## [What needs to be done]
The span to repeat in the listing below runs from the line containing "試件7上的振動信號與脈沖激勵" to the line containing "Unsere Produkte bestehen", inclusive. Repeat it exactly, and only it.

## [Supplied records]
--------------------------------
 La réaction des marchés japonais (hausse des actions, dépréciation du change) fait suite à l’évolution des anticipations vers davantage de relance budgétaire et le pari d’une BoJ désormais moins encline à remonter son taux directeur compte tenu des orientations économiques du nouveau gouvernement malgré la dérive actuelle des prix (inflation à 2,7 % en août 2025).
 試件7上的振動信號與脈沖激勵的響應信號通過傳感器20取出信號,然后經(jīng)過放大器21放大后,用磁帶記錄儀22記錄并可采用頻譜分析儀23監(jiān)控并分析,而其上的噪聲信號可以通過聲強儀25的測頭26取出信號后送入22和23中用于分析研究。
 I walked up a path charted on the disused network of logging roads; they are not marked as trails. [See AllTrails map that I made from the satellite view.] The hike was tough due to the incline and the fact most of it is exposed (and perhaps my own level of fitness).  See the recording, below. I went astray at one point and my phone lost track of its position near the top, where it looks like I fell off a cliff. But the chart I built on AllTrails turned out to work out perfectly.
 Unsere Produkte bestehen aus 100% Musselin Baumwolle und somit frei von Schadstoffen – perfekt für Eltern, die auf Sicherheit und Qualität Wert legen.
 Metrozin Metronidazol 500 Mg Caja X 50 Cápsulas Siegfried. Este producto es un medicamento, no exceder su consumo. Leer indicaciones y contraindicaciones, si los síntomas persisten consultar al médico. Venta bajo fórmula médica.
--------------------------------
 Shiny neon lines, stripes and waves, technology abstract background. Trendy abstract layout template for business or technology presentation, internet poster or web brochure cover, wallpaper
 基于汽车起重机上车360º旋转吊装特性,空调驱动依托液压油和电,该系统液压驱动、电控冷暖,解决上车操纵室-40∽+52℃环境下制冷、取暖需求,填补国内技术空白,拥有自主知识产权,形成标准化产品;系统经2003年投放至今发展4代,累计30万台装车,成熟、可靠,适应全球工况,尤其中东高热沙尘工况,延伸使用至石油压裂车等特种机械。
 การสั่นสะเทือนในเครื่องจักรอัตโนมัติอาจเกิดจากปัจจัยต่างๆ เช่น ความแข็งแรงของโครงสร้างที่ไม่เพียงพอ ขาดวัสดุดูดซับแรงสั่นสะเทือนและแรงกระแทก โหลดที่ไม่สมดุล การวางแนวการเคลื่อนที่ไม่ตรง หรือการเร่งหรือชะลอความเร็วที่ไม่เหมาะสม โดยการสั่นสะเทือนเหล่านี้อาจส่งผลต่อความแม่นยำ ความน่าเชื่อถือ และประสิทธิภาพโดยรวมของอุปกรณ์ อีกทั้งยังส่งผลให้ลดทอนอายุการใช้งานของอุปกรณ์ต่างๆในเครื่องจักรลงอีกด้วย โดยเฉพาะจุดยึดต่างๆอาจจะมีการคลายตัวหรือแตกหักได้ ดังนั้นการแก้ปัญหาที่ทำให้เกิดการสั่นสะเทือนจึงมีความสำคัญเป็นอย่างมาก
--------------------------------
## [Your solution]
 試件7上的振動信號與脈沖激勵的響應信號通過傳感器20取出信號,然后經(jīng)過放大器21放大后,用磁帶記錄儀22記錄并可采用頻譜分析儀23監(jiān)控并分析,而其上的噪聲信號可以通過聲強儀25的測頭26取出信號后送入22和23中用于分析研究。
 I walked up a path charted on the disused network of logging roads; they are not marked as trails. [See AllTrails map that I made from the satellite view.] The hike was tough due to the incline and the fact most of it is exposed (and perhaps my own level of fitness).  See the recording, below. I went astray at one point and my phone lost track of its position near the top, where it looks like I fell off a cliff. But the chart I built on AllTrails turned out to work out perfectly.
 Unsere Produkte bestehen aus 100% Musselin Baumwolle und somit frei von Schadstoffen – perfekt für Eltern, die auf Sicherheit und Qualität Wert legen.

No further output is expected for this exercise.